On the face of it, two nights out a month doesn't sound too bad, but he seems to be cramming the equivalent of about two a week into those two occasions - are these work nights? Or weekend nights? If the latter, is this why he never wants to go anywhere during the day?

Why doesn't he want you to go out to the park or whatever without him?

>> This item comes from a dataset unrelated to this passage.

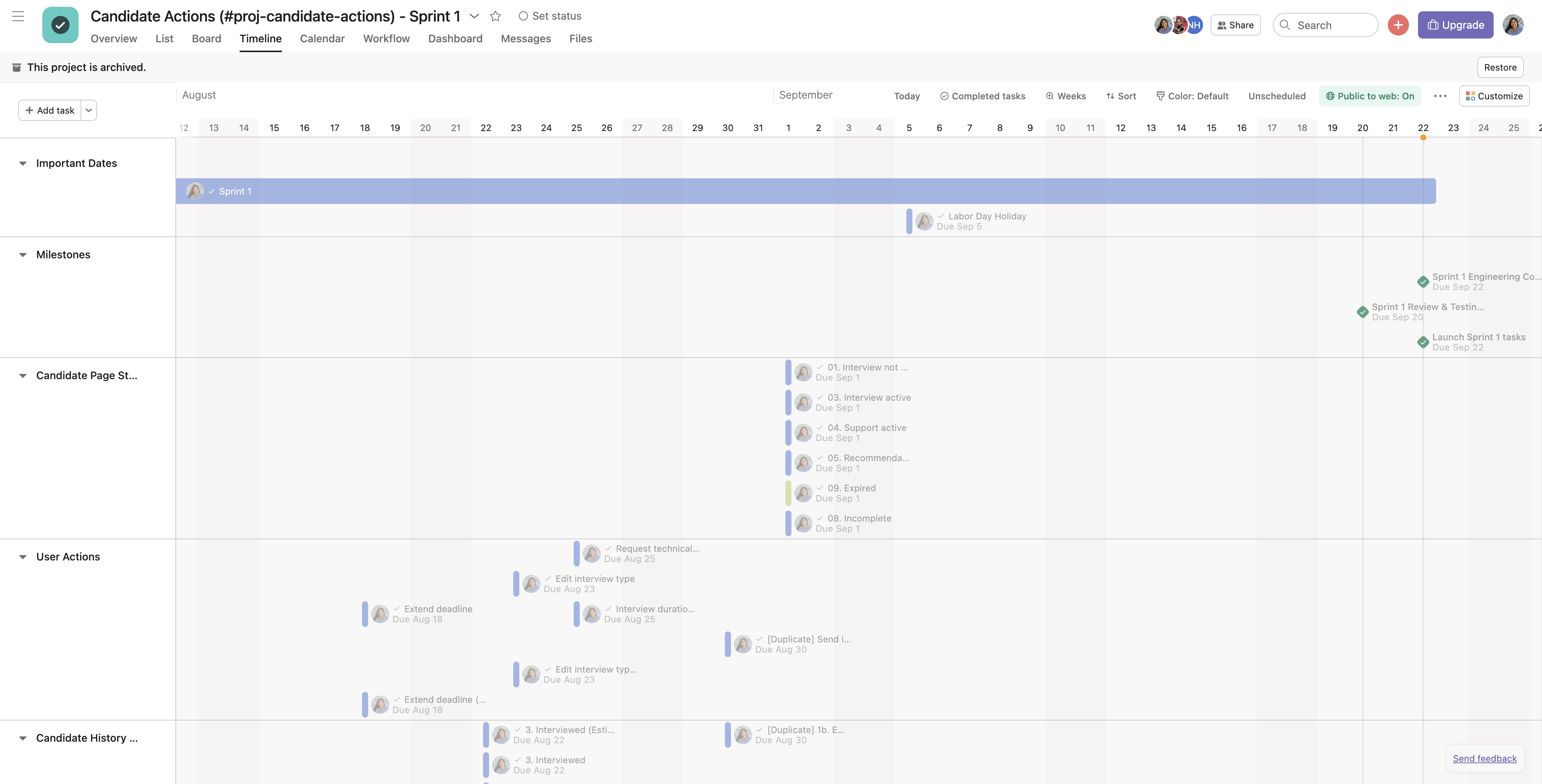 • New timeline component tracking all events on a candidate

doorstep · 10/06/2006 19:48

it's usually fri or sat night. I have no idea why he doesn't want to do anything with us..? Because he doesn't want to own up to his responsabilities, because he is lazy, because he is an excuse of a father..I don't know, I'm not him.

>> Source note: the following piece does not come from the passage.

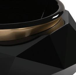 The Diamond freestanding turns heads wherever it stands. It features a wooden structure finished in a high gloss black varnish, a color that contrasts perfectly with the interior, covered in gold leaf. Besides its irregular shape, it has a built-in oval sink glass with a translucent black finishing that will enhance any bathroom design.

DD is still crying and has been since 6.00pm,is this a good thing to put a pregnant woman through..? Surely if he was man enough he would know I needed help..?? Whats happens when baby2 arrives..? He goes out and I am left with 2...?

He is due out again next fri, oh he's taken the day off to spend with us...he has an exam till lunch then wants to shop till 5 when he plans for me to leave him with his mates for their night out..Oh yeah I get the deal of taking dd home to bath,feed and put to bed. Another night alone.

He also forgets than I have given him 2 weeks of space to revise for an exam. Not disturbed him between 7pm till I go to bed. Least he could do was spend time with us at weekends. Sorry I am ranting. I am annoyed and upset.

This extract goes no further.